As a nation, we have certainly faced our fair share of disasters lately; flooding in Queensland and Victoria, cyclones in Queensland and massive bush fires in Western Australia — just months after devastating earthquakes in Christchurch.
Our hearts certainly go out to all of the people affected by these disasters but I personally feel the pain of all the IT professionals who are, or will be, working tirelessly to bring IT systems back on-line in order to maintain some form of business continuity in these affected areas.
The events personally bring back vivid memories of the ML 5.6 earthquake that hit Newcastle in 1989. At the time I was the IT Manager at Norman Ross Discounts. Shortly after feeling the tremor in our Bankstown head office, the news broke that the epicentre was located below Newcastle.
Being responsible for our IT function throughout all of our stores you would think my first thoughts would be to the state of the infrastructure, but it wasn’t: My first thought was to the safety of our store people in Newcastle.
At the time I thought I had a well established disaster recovery plan (DRP, as they were called back then). The DRP catered for a disaster at the head office data centre. The plan, however, did not consider a catastrophic event at a store. As the IT team tried to check the status of the Newcastle network, I along with every other senior manager at head office, desperately tried to contact our store employees.
What we encountered was basically a communication black-out. The comms networks were either congested or not operational. Somehow, the IT team were able to establish a connection with the Newcastle back office server. The store had sustained considerable damage; luckily our staff was successfully evacuated without injury.
We also found the NCR back office server was humming (well, fizzling) away while water trickled through its cabinet. Kudos to NCR; they built their servers tough back then. It wasn’t long before the server succumbed and failed. Luckily, our DRP had catered for a regular replication of data back to head office, so when we opened another store a few weeks later, we were able to pick up where we left off.
The situation could have been a lot worse, but it taught me some valuable lessons which I have always incorporated into each disaster recovery documentation I’ve developed since.
Here are some tips:
1. Whenever there is an event that jeopardises the safety of people, it should always your first consideration.

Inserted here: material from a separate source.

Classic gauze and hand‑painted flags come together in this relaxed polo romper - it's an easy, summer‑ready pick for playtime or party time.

I doubt there are companies today who don’t have an OH&S policy. Ensure your IT team are fully aware of their responsibilities in the event of an evacuation.

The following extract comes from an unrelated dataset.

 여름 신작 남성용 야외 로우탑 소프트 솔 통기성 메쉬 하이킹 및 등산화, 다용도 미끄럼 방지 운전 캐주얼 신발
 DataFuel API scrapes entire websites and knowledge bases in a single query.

2. Gone are the days of the disaster recovery plan where the head of IT only needed to worry about the recovery of IT services. Businesses today are typically complex and need a comprehensive business continuity plan (BCP). As the name suggests, a BCP is a set of instructions and procedures to maintain some form of business continuity in the event of a disaster. The key word here is ‘business’ and it’s imperative that the ‘business’ takes ownership of the processes. In my experience, however, this still seems to fall on the shoulders of the CIO, so be prepared and step up to the plate. Seize the opportunity; it’s another avenue to demonstrate the value of IT to the business.
3. When preparing a BCP, establish whether it is possible to execute it with just a handful of people, or whether it’s more appropriate to have designated teams specialising in different parts of the recovery. The approach you take depends on the size and complexity of your organisation. I have always found a crisis management team (CMT) a good idea. The CMT should be charged with co-ordinating the processes defined within the BCP and should be a single point of contact for the whole organisation. Publish, and regularly update, the names of the CMT members to everybody within the organisation.
4. Do a risk evaluation on every aspect of your business and decide what services are critical, and what services can take a little longer to recover. Understanding the timelines will assist when designing your BCP. Ensure you have agreement, and buy-in from the executive management team and CEO.
5. Once you have established your BCP, test it on a regular basis. Not just the IT portion — involve the whole business. Your skill at ‘encouraging’ people to do this will certainly be tested. Ensure any external service provider is part of the testing.
6. Don’t rely on public infrastructure as a wide-spread event could render these inoperable. Have a backup plan to communicate with your employees, remote offices and any service providers.
7. Regularly communicate your BCP to everyone in the organisation (and external parties where appropriate). Let them know what is expected of them in the event of a catastrophic event.
8. “You don’t know what you don’t know”, so be prepared for the unexpected. The CMT and/or recovery teams need to be agile and prepared to make decisions on the spot. Empower the CMT and ensure you have selected people who can make tough decisions under pressure.
9. Finally, let’s hope you never actually have to activate your BCP. In more than 25 years, I have only needed to activate it twice and each time Murphy was sitting in the background to prove that we’d missed something.
Allan Davies is the CIO of logistics firm, Dematic.